____ Source records
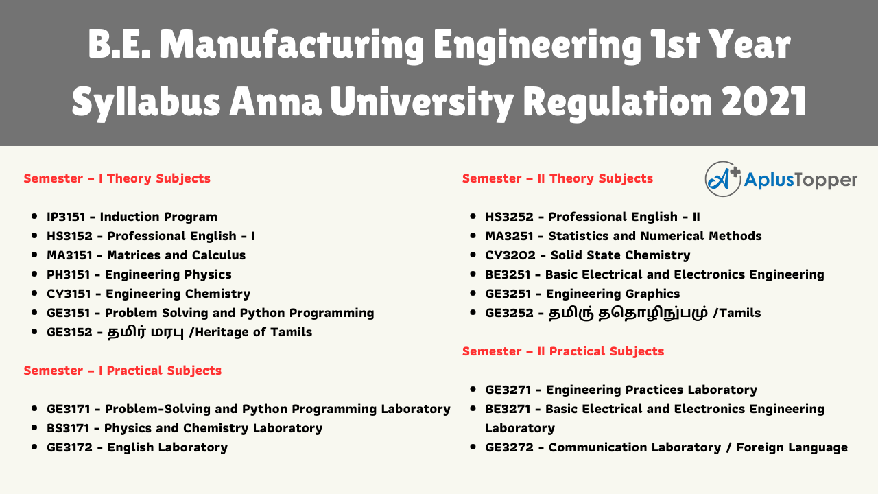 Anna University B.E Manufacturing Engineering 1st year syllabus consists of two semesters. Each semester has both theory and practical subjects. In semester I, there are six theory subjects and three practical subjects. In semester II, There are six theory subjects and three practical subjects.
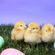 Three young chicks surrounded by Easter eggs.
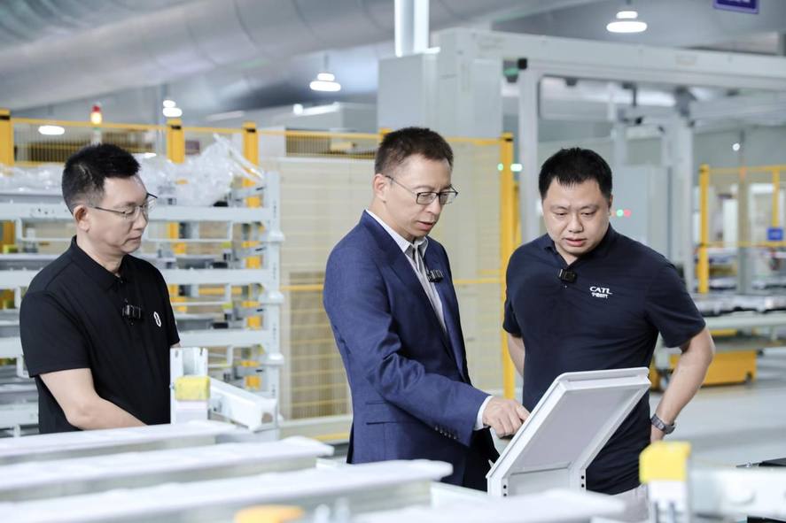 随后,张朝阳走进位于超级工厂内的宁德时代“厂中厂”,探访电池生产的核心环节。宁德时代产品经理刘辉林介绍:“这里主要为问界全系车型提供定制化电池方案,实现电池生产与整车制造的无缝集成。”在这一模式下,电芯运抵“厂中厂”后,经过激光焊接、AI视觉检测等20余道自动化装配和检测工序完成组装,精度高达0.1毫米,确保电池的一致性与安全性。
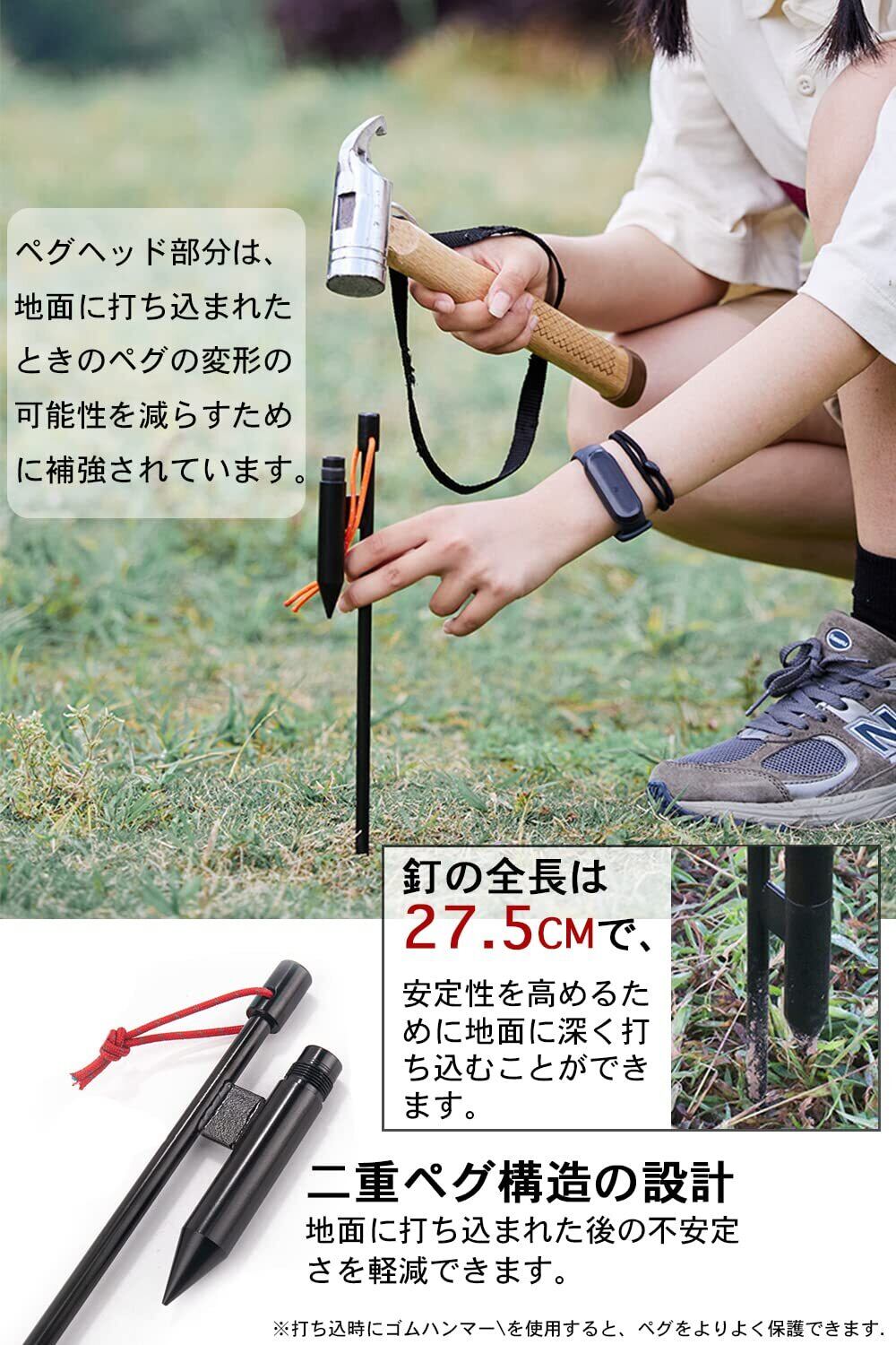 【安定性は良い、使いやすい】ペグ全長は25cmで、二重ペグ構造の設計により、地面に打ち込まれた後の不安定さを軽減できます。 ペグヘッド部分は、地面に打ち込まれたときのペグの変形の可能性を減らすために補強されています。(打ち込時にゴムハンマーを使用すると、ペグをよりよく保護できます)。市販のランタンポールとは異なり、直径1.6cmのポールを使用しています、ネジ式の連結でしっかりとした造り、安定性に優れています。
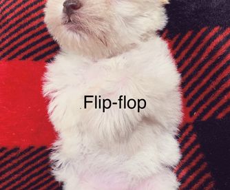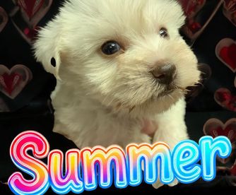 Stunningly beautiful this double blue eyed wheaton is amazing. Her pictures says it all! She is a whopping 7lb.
________
§ What to do:
Would you give the data above again word for word, skipping any images?

§ Solved problem:
 Anna University B.E Manufacturing Engineering 1st year syllabus consists of two semesters. Each semester has both theory and practical subjects. In semester I, there are six theory subjects and three practical subjects. In semester II, There are six theory subjects and three practical subjects.
 Three young chicks surrounded by Easter eggs.
 随后,张朝阳走进位于超级工厂内的宁德时代“厂中厂”,探访电池生产的核心环节。宁德时代产品经理刘辉林介绍:“这里主要为问界全系车型提供定制化电池方案,实现电池生产与整车制造的无缝集成。”在这一模式下,电芯运抵“厂中厂”后,经过激光焊接、AI视觉检测等20余道自动化装配和检测工序完成组装,精度高达0.1毫米,确保电池的一致性与安全性。
 【安定性は良い、使いやすい】ペグ全長は25cmで、二重ペグ構造の設計により、地面に打ち込まれた後の不安定さを軽減できます。 ペグヘッド部分は、地面に打ち込まれたときのペグの変形の可能性を減らすために補強されています。(打ち込時にゴムハンマーを使用すると、ペグをよりよく保護できます)。市販のランタンポールとは異なり、直径1.6cmのポールを使用しています、ネジ式の連結でしっかりとした造り、安定性に優れています。
 Stunningly beautiful this double blue eyed wheaton is amazing. Her pictures says it all! She is a whopping 7lb.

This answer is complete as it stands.